To further reveal potential subtle chemical changes in cell walls of WP:CE5 plants, diffuse reflectance Fourier-transform infrared (FTIR) spectroscopy was applied to the ground wood samples. The spectral data analyzed by orthogonal projections to latent structures-differential analysis (OPLS-DA) showed that there was a clear separation between transgenic hybrid aspen lines and the WT (Figure 2A).

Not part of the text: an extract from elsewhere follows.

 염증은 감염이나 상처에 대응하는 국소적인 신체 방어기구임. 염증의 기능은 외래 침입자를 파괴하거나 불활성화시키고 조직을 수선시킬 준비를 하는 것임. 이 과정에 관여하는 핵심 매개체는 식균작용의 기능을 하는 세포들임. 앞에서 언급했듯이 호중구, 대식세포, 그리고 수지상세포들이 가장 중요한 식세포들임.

The bands at 1240, 1370, and 1740 cm–1, which originate from C-O stretching, CH2 bending and C = O stretching vibrations (Gorzsas et al., 2011), respectively, all present in acetyl ester groups, strongly contributed to this separation and these signals were less abundant in the transgenic plants than in the WT (Figures 2B,C). This result was similar to that obtained with the previously studied transgenic plants overexpressing AnAXE1 (Pawar et al., 2016, 2017a). On the other hand, the band at 1600 cm–1, reflecting aromatic C = C vibrations found abundantly in lignin, and the region around 1640 cm–1, reflecting water, were more abundant in WT plants, which was in contrast to results observed with AnAXE1-expressing Arabidopsis and aspen (Pawar et al., 2016, 2017a). The latter results suggest some changes in lignin structure and cell wall hydration that are specific to CE5 overexpressors.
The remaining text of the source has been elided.